DATA FOR PROCESSING: Begin
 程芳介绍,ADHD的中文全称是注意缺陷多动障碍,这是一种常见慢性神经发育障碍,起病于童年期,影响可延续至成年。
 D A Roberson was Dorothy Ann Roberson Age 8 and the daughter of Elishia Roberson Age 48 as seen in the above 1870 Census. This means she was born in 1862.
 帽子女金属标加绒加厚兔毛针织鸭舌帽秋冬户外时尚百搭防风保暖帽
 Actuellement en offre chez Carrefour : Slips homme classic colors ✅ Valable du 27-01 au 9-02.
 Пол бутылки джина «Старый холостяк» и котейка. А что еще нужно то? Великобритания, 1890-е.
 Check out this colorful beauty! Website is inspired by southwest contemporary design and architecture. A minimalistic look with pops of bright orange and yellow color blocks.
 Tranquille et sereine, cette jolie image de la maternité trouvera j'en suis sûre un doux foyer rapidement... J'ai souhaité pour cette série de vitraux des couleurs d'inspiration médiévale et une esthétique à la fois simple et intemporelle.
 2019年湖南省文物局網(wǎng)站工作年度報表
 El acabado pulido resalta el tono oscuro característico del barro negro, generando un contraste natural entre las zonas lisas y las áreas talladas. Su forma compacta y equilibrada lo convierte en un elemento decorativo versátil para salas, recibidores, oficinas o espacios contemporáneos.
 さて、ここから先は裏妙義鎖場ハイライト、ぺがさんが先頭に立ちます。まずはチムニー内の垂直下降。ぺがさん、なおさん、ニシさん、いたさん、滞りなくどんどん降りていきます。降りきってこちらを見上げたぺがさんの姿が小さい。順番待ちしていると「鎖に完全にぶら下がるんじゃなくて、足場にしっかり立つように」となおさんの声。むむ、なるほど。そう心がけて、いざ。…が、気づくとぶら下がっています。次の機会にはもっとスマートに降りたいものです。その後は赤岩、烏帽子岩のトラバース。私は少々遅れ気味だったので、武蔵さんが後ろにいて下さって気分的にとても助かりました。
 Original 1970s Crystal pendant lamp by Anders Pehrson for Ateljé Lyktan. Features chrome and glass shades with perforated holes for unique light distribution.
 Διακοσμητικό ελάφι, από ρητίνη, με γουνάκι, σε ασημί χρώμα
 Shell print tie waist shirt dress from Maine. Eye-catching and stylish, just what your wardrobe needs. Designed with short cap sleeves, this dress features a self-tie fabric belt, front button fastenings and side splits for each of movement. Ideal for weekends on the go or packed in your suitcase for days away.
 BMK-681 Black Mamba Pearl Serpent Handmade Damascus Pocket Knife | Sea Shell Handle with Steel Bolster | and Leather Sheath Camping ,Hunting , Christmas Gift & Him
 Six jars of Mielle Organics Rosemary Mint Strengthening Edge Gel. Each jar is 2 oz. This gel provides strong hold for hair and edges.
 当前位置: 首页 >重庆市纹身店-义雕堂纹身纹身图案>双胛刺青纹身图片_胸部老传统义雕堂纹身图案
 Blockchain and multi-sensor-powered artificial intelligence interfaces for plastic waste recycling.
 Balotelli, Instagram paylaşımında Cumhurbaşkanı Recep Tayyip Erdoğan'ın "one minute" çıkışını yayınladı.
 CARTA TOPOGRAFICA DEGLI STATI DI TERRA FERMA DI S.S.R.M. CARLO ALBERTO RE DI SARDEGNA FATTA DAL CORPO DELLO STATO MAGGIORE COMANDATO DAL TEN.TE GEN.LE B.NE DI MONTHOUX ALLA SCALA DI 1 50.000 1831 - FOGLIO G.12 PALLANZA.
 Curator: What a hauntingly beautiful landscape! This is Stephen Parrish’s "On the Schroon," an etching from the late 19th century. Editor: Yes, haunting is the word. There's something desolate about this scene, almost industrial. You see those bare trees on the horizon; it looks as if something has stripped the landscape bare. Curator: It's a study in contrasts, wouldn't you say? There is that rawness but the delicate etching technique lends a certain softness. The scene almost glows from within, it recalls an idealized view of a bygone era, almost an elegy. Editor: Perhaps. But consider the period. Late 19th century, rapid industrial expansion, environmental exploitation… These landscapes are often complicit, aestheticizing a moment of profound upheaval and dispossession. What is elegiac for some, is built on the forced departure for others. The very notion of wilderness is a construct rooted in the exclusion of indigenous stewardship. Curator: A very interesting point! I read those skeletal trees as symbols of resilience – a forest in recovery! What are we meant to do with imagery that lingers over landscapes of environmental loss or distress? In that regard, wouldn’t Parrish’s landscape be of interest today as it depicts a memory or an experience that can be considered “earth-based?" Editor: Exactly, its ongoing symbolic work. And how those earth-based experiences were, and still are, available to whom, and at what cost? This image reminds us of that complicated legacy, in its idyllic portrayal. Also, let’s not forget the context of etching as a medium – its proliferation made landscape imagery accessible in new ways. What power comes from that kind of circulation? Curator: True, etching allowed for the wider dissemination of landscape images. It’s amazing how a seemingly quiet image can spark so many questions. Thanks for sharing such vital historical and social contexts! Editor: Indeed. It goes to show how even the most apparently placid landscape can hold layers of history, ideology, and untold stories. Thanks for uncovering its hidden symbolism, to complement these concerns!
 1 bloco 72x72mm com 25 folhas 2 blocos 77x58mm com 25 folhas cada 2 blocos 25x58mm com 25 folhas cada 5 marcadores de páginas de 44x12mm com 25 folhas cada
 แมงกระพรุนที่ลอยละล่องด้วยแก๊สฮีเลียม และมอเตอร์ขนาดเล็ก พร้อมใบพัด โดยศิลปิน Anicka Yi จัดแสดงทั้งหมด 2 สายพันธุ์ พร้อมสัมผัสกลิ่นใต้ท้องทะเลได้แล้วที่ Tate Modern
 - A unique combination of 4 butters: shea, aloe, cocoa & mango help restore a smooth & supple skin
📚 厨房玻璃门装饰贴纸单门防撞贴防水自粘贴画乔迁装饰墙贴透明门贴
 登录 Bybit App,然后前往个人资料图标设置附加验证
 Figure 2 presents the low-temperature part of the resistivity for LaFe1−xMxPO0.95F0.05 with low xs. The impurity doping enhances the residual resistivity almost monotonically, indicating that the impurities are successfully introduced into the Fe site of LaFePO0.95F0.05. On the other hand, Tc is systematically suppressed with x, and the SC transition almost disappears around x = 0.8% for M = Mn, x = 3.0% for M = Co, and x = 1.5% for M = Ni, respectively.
DATA FOR PROCESSING: End
#### [ABOUT THIS EXERCISE]
Starting from the line that contains "登录 Bybit App,然后前往个人资料图标设置附加验证", reproduce each line of the data exactly through the last one.

#### [ANSWER TO THIS TASK]
 登录 Bybit App,然后前往个人资料图标设置附加验证
 Figure 2 presents the low-temperature part of the resistivity for LaFe1−xMxPO0.95F0.05 with low xs. The impurity doping enhances the residual resistivity almost monotonically, indicating that the impurities are successfully introduced into the Fe site of LaFePO0.95F0.05. On the other hand, Tc is systematically suppressed with x, and the SC transition almost disappears around x = 0.8% for M = Mn, x = 3.0% for M = Co, and x = 1.5% for M = Ni, respectively.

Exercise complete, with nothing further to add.